I think we have to remain grounded in an intelligence that is less knowledgeable and “athletic” and more uncertain and receptive. This is where Lao Tzu’s language arises; a language that negates certainties and restores receptivity. This language isn’t personally authored, but is the wider world (the Tao) expressing a restorative silence through an individual tongue. And this material tongue serves mainly as a cipher or decipherer of what comes through the body/brain from that deeper well of silence that is our true life-source.
Q: Have these charms of disenchantment in fact brought you any closer to the Tao in your real life (outside this page)?
F: The final effect of all these words depends (again) on whether my foolish addiction to the act of writing ends up undermining the Tao it otherwise restores. It’s not the fault of the words in that case. But the fault would lie in my foolish relationship to words, which become like a retreat center I can never leave without losing my way.
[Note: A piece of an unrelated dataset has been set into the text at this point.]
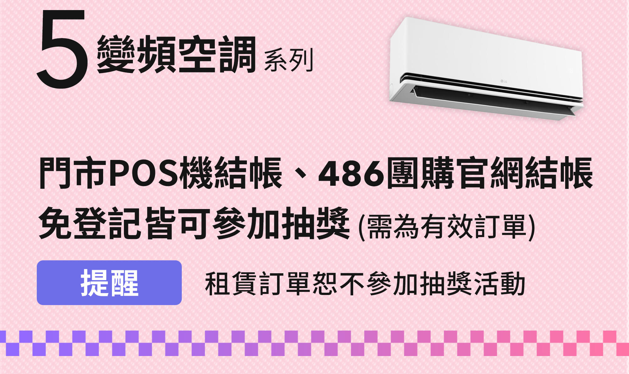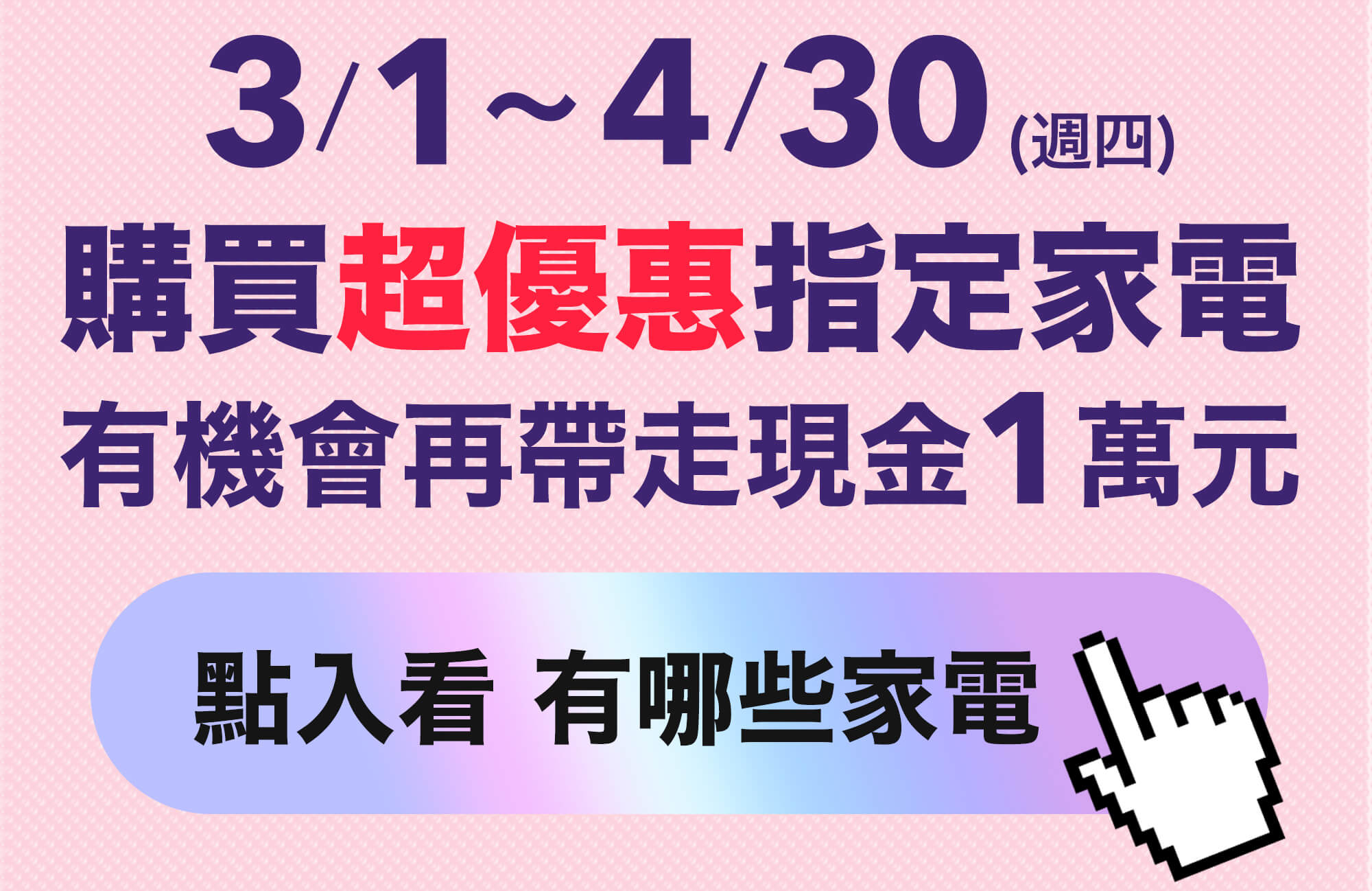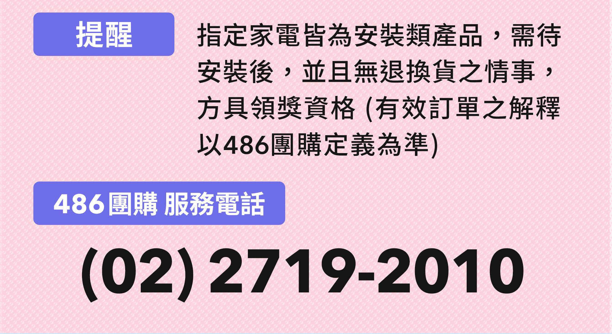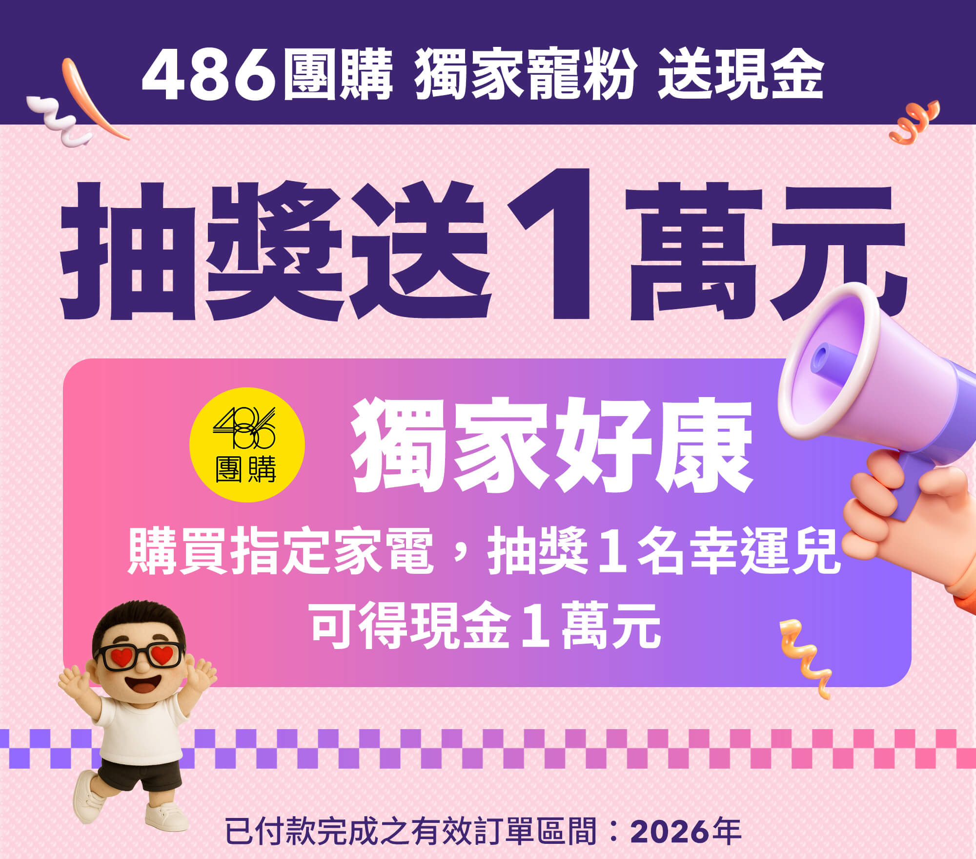 - 2026/3/1-2026/4/30 活動期間於486團購官網/486實體門市購買指定家電,且於活動期間內付款完成,免登記抽現金1萬元,活動共計1名中獎者 (總獎金1萬元),租賃訂單不參與此次活動

This writing all seems to be heading towards its own categorical death, one way or another. For these words to be true charms of dis-enchantment, they’ll need to end. I’m not saying it’s a goal. But the full impact of what is being written is tending towards a critical juncture. It’s impossible to know who will die first: the “me” who places too much importance in what is written; this form of negative writing; or the body itself, taking all three out at once. But everything has to end in order to complete its meaning.
Q: Are you saying that writing is a “retreat” from life itself?
F: The real meaning of a “retreat” is a place where retreating from life (escaping life) is no longer permitted. Here is where I confront life without retreating. The mundane mind that refuses to reflect on itself is the real retreat from life.
But it’s an open question, a lovely paradox, whose resolution takes form here and leaves these prints. One can see where they lead or drift away. Language can become a retreat from life or a refusal to retreat. That’s the question.
[i] See, for instance, this passage from “The Unnamable”:
“Strange notion in any case, and eminently open to suspicion, that of a task to be performed, before one can be at rest. Strange task, which consists in speaking of oneself. Strange hope, turned towards silence and peace. Possessed of nothing but my voice, the voice, it may seem natural, once the idea of obligation has been swallowed, that I should interpret it as an obligation to say something. But is it possible? Bereft of hands, perhaps it is my duty to clap or, striking the palms together, to call the waiter, and of feet, to dance the Carmagnole. But let us first suppose, in order to get on a little, then we’ll suppose something else, in order to get on a little further, that it is in fact required of me that I say something, something that is not to be found in all I have said up to now. That seems a reasonable assumption. But thence to infer that the something required is something about me suddenly strikes me as unwarranted. Might it not rather be the praise of my master, intoned, in order to obtain his forgiveness? Or the admission that I am Mahood after all and these stories of a being whose identity he usurps, and whose voice he prevents from being heard, all lies from beginning to end? And what if Mahood were my master? I’ll leave it at that, for the time being. So many prospects in so short a time, it’s too much.”